I've had cycles in both Spain and Serum and travel to Athen wasn't any more difficult  - especially with all the information available on here, especially Agate's faq. It's just a slightly longer flight  Serum are fantastic though and after 4 failed DE cycles in Spain, Penny and her team were the ones that made it work for us.

I can only echo what the other ladies have said about DE - that's your LO right from the start. Look at epigenetics and read some of the stories on here. People keep telling me that my DD looks like me now,  but I still think she looks like 'herself'.


----------



## jane66 (Mar 28, 2013)

Hi Ladies,

Hi bundles its lovely to hear your story. I am the same age as you and wondering wether I'm brave enough to try for a little brother or sister for my little one. Your story is encouraging, i feel like I'm the only 48 year old mother sometimes. 
We have three frosties, just waiting for me to make my mind up.

Anyone considering DE,  its a difficult decision, it depends on how much emotional energy you have. A DE transfer is about 50% success rate whatever your age (and improving all the time ) which means you still might need to go through all the heartache twice. Mostly the donor will have enough eggs for two transfers but not always. 
My baby dosent look like me but looks so like her daddy that we are both thrilled.

I had my treatment in Barcelona at Eugin. I can completely recommend them

good luck with your decisions and pregnancies xx


----------



## Dollyeden (Jun 14, 2013)

Hi Ladies.I have just discovered you all. I have had a de fet in spain and got my BFP last week, and I am 46...lol. Lovely to know that I am not alone. Xxx


----------



## bundles (Jul 16, 2011)

Ladies I truly love these Over 40 posts, it's what kept me going last time   There is inspiration to take from everyone  

Dollyeden congrats on your BFP  

Jane   as my OH keeps telling me, age is just a number   In my head I am in my mid 30's & tbh I do often lie about my age   but the scary thing is the big 5 0 !!  You go for it, and why not. If you're fit enough there's no reason you shouldn't. We just didn't want our LO to be alone, so that was our motivation.

Hugs to all  
xx


----------



## Coolish (Jul 10, 2012)

Jane - you're not the only one! My DD was born 2 days after my 49th birthday, and is almost 9 months old now. We're currently planning to go back to Serum for our frosties. 

Bundles - I just let people assume what ever age they think I am


----------



## Altai (Aug 18, 2013)

Hi ladies,

Holidaygirl - I think I answered one of your post, was it u?
I am practically in the same situation - started this journey at 43(well almost44) and after numerous ovulation inductions, 5 failed Ivfs and turning 45 finally ready to admit defeat with oe. Initially I 'd thought I'd do 3 oe cycles. 

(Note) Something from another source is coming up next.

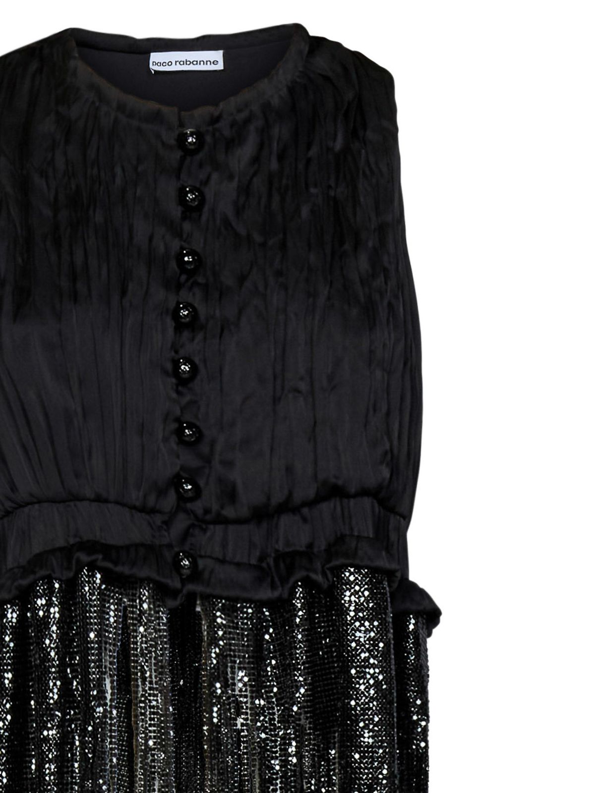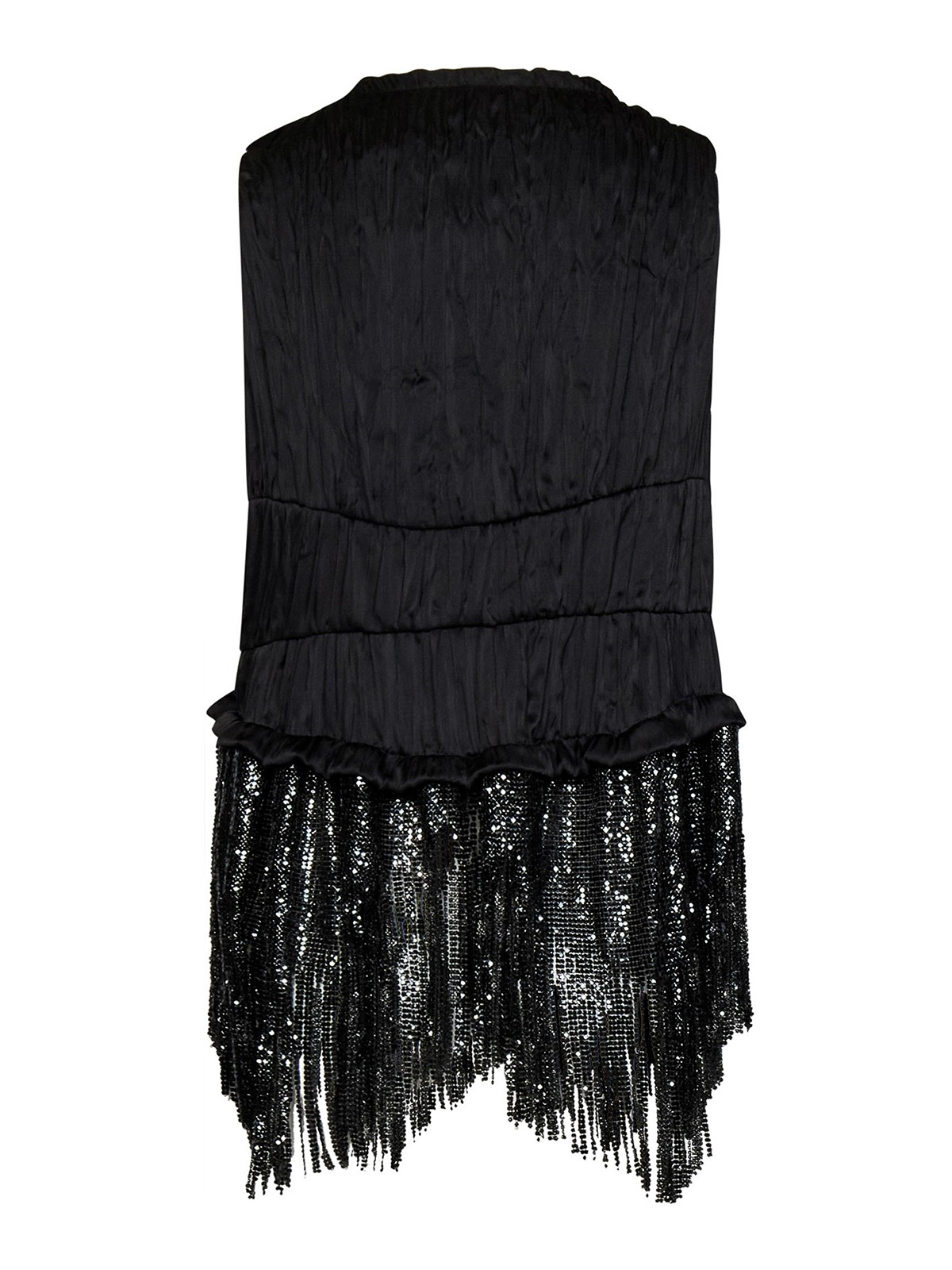 Kugelknopfverschluss auf der Vorderseite, Rundhalsausschnitt, ärmelloses, plissiertes Design, asymmetrischer Saum, schwarze Kristalle an der Unterseite, schwarze Farbe, 100% Polyester. Der Artikel auf dem Foto entspricht der Größe fr

De is almost never first choice and a hard decision to make. 
I think if you could afford both financially and emotionally one more go with oe, then perhaps give it a try.  If money is enough for one/two more cycles,  then I'd go straight to de. I don't want to sound negative but even de do not guarantee a success and might take 2 and more attempts. 

Dolly - congratulations with your positive. 
Bundles - lovely to hear your story, you are so brave.

Good luck with decisions ladies.


----------



## spudlin (Nov 12, 2012)

We have just come back from our clinic appt following our second failed ivf due to my eggs  

1st cycle I didn't produce any at all and 2nd cycle got 6 but OH excellent sperm failed to break through, despite still being very active 24hrs later!!!

Despite my amh being ok for 41, our consultant feels that our oe chances are as low as 1% as opposed to de at over 40%

I have always been keen to give my eggs the best chance, but being realistic, if we want a baby then we have to go with de. We could keep going and going with mine but the financial and emotional implications are too much. Plus these docs do this for a living so I kind of get what he was saying. There is obviously a reason why such good sperm failed to penetrate my egg walls, there are obviously issues with my eggs  

Our other option is to try again with my eggs and icsi, but after this mornings appt I feel I am setting myself up for more disappointment as even if any fertilise, with potential egg quality issues will it result in bfn anyway?

OH not overly thrilled at the whole de concept, lots of reading and talking to be had. 
We are back in clinic in October so have lots of time to discuss.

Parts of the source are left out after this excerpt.